I'm sorry to admit that I have signed non-compete agreements. The first time I was too naive to know that they are a legal joke here in Wisconsin. Or at least were--I'd have to double-check now. The second time, I had a lawyer ready to rock, should it come to that. (It didn't.)

But it just floors what intellectual fastidious remains in me that these ridiculous things haven't been outlawed at the federal level, upheld by the Supreme Court and notarized by God Almighty. They're Just That Stupid. I'm not saying that employees can't walk out with intellectual property and damage their employers. It's happened to firms for which I've worked, although the real damage has been that the, errr, "spinoff" company has absconded with clients, sometimes under false pretenses. But with other more legally viable options available, the use of non-compete agreements only further cements my opinion that "management science" is an oxymoron.

C'mon: Don't you find it just bit ironic that you can walk down the bookstore business aisle and find rows upon rows of dead trees breaking down "success" into seven habits or one-minute parables or six sigmas or whatever the paint-by-numbers meme-du-jour happens to be?

Yet, just as most people want the miracle pill in place of nutrition and exercise, you'd never sell a leadership book that says "Retain only the best employees and don't give them any motivation whatsoever to to elsewhere." Why?

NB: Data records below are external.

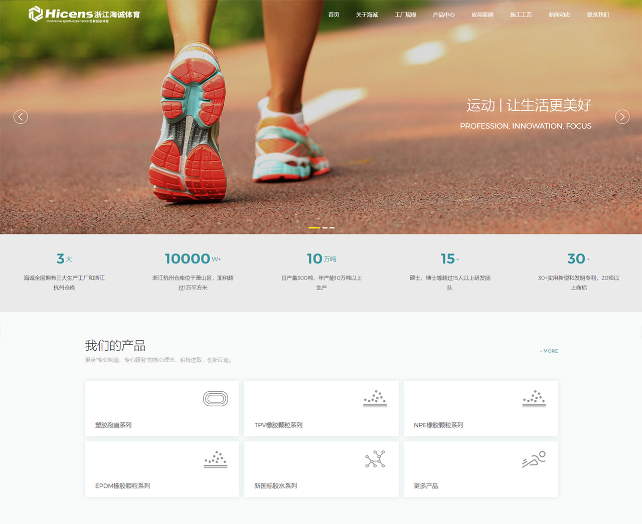 Hicens海誠,是一家集研發(fā)、生產(chǎn)、銷售、工程、售后服務(wù)為一體的彈性運動地面、休閑綠道場地材料智造商,現(xiàn)有廠房面積上2萬平方米,通過ISO9001質(zhì)量管理體系、ISO14001環(huán)境管理體系、ISO45001職業(yè)健康安全管理體系認證,日產(chǎn)量300噸,年產(chǎn)能10萬噸。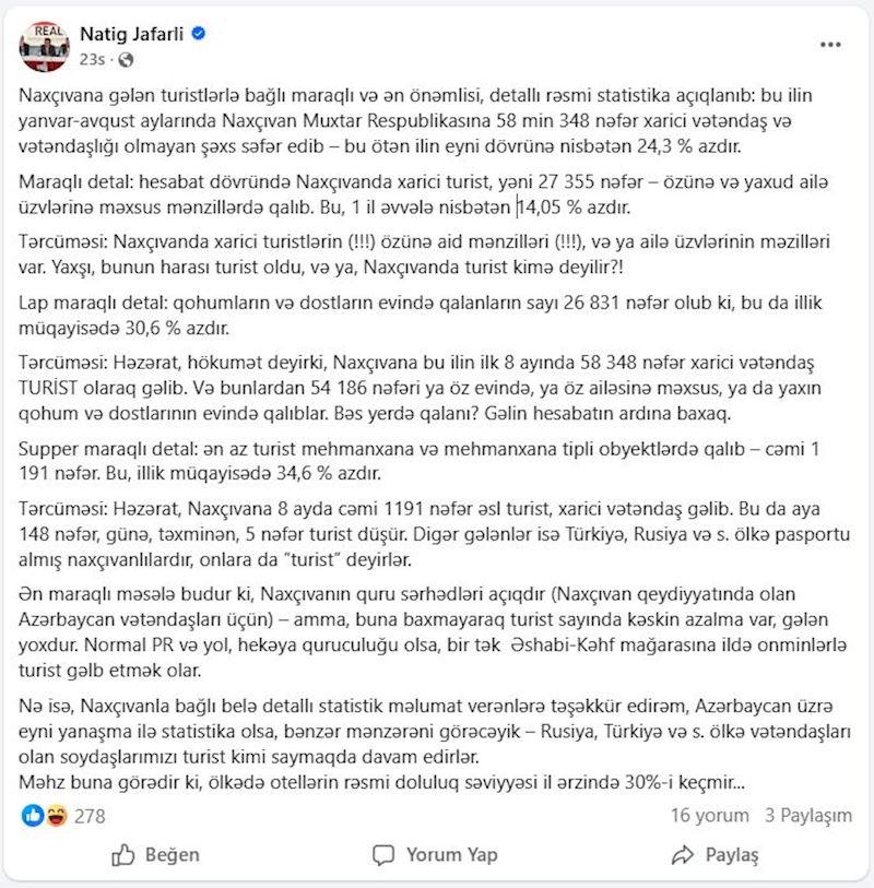 Natiq Cəfərlinin paylaşımı müzakirə yaratdı Naxçıvana nə qədər əcnəbi gəlib?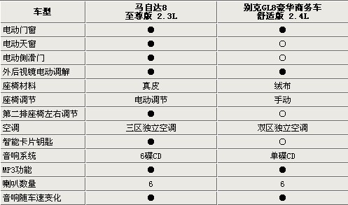 作為商務MPV車型,馬自達8至尊版和別克GL8豪華商務車舒適版的配置還是比較令人滿意的。但相比之下馬自達8的裝備絕對可以算是齊全。馬自達8至尊版配備了電動側滑門,這是一項十分體面的配置,在售價25萬元這個區(qū)間的車型里是十分少見的。三區(qū)獨立空調系統(tǒng)可以更加精準的滿足不同乘客的需求。做為座椅的舒適度絕對于MPV車型來說絕對是十分重要的,這一點馬自達8也充分的體現出來了,出了考慮到座椅的舒適度外,還考慮到其的方便性,第二排座椅可以左右移動,這也是同級別車型中的獨享配置。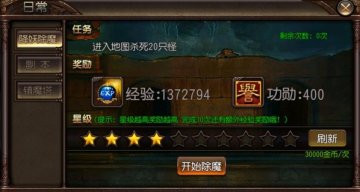 1、每天日常的降妖除魔任务,完成一次降妖除魔任务玩家可获得500功勋,每天只有十次。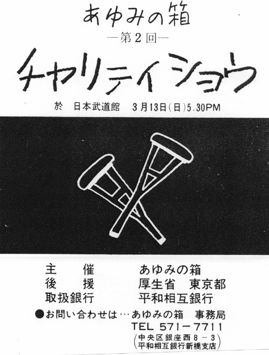 水上勉、伴淳三郎、森繁久弥らが中心になり小児マヒによる身体障害者の救済のための「あゆみの箱」運動の第一回チャリティ・ショー手をつなどうこの子等と」が6日夜東京・新宿厚生年金ホールで開かれた。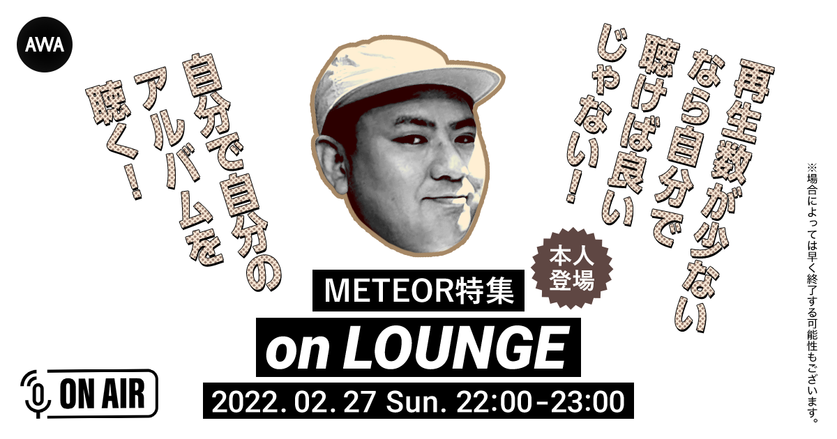 今回のイベントは、AWAのLOUNGE、音声配信機能を使用して、2000年代初頭からラッパーとして活動し、今までも多数の自身の作品をリリース、多くのアーティストの作品にも参加、昨年、放送されたアニメ『オッドタクシー』では、キャラクター・ヤノを演じ、インスパイアされた楽曲の発表など、活躍著しいMETEORとその仲間たちがお送りする濃い目の60分です。LOUNGEは、どなたでも参加することができ、AWAアプリを事前にダウンロードしていれば、アーティストとのチャットでの交流など、よりお楽しみいただけます。ぜひ、METEOR presents 「再生数が少ないなら自分で聴けば良いじゃない!自分で自分のアルバムを聴く!」をお楽しみください。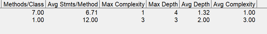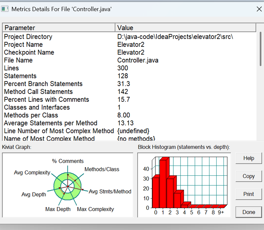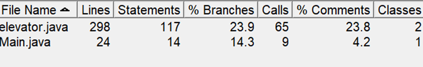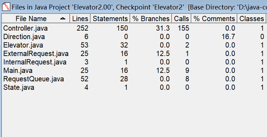 - 类方法数量:“Controller.java” 每个类方法数 15.00 多于 “elevator.java” 的 7.00 ,类的职责划分上 “Controller.java” 更可能存在混乱问题。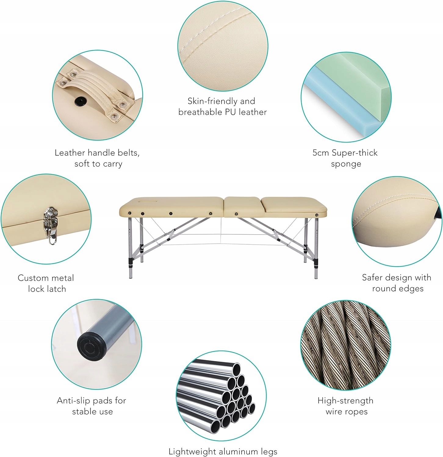 Благодаря используемым материалам складной широкий массажный стол весом всего 14,3 кг не только легко транспортировать, но и легко хранить. Кроме того, прочные алюминиевые ножки и масло- и водостойкая искусственная кожа легко чистятся.

Because it's a "waste" of manager and potential co-worker time to spend hours vetting the top applicants. Because too many managers would rather try to isolate or ignore a "problem" (or even sub-optimal) employee than fire her/him. Because too many people--particularly managers--have been convinced that if they just tweak the reward/punishment mechanisms enough, they can close all the productivity and morale leaks and operate on auto-pilot.

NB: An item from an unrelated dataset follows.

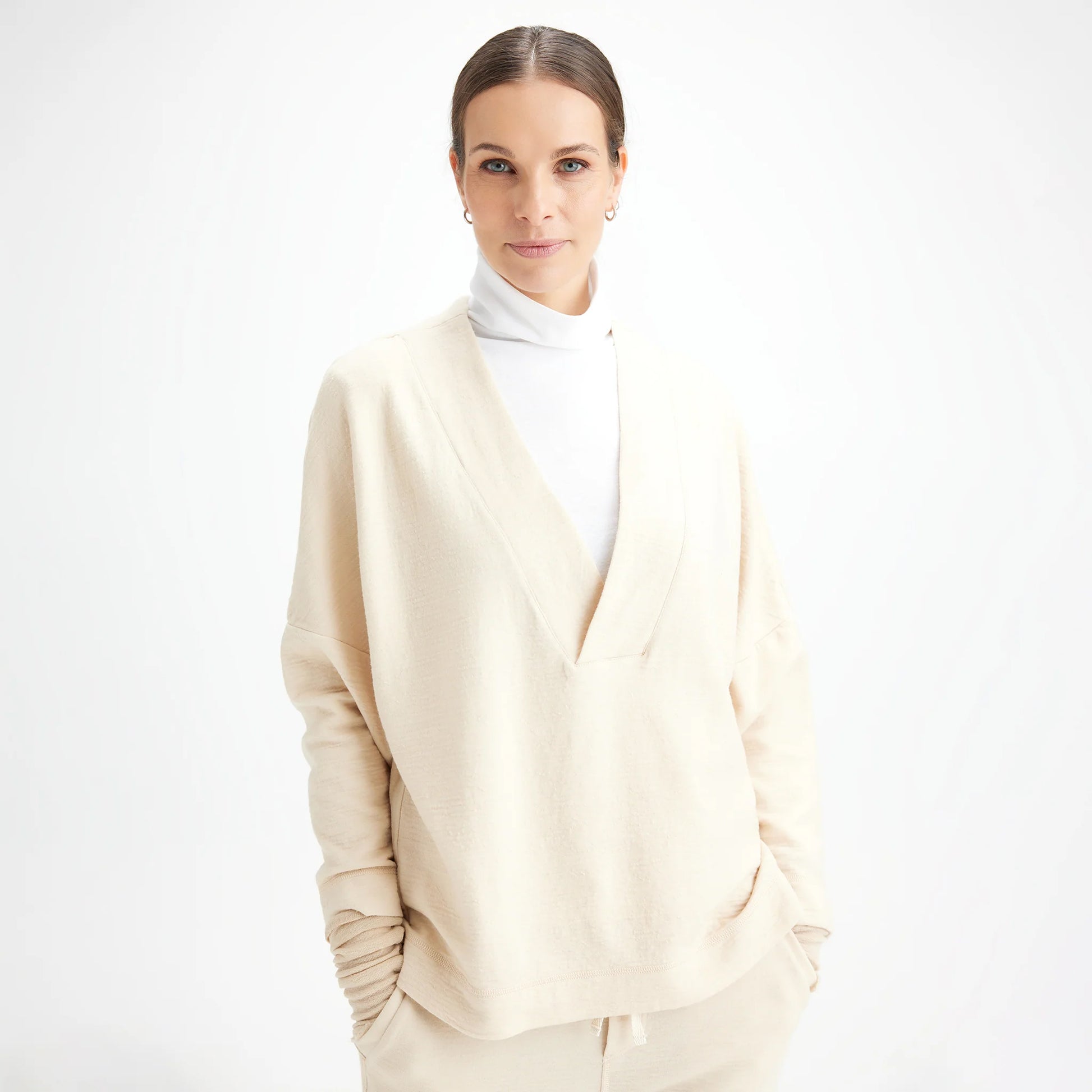 Passform: Lös och ledig passform. Tröjan har en oversize passform med nedhasad axel. Modellen i blå tröja bär storlek XS, modellen i benvit tröja bär storlek M,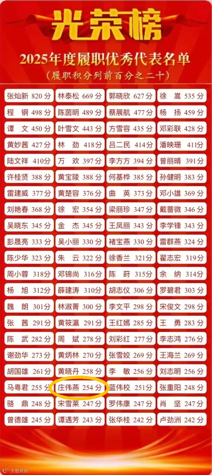 2025年以来,庄伟燕律师继续保持履职热情与实效,全年履职积分达254分,在广州市540多名市人大代表中名列前茅,再次获评定为优秀等级,并荣获“2025年度履职优秀代表”称号。

Long story short, non-compete agreements are a cop-out. Just like threatening to fire people for discussing salary information. Or waiting until a downturn to remove the dead wood. Or hiring outside talent rather than growing it from within.

And so I hope that the Massachusetts Legislature sets a trend to remove one cop-out from the business play-book. For good managers--and there are many--won't miss it. Everyone else has one less excuse to suck. And that can't be anything but good news.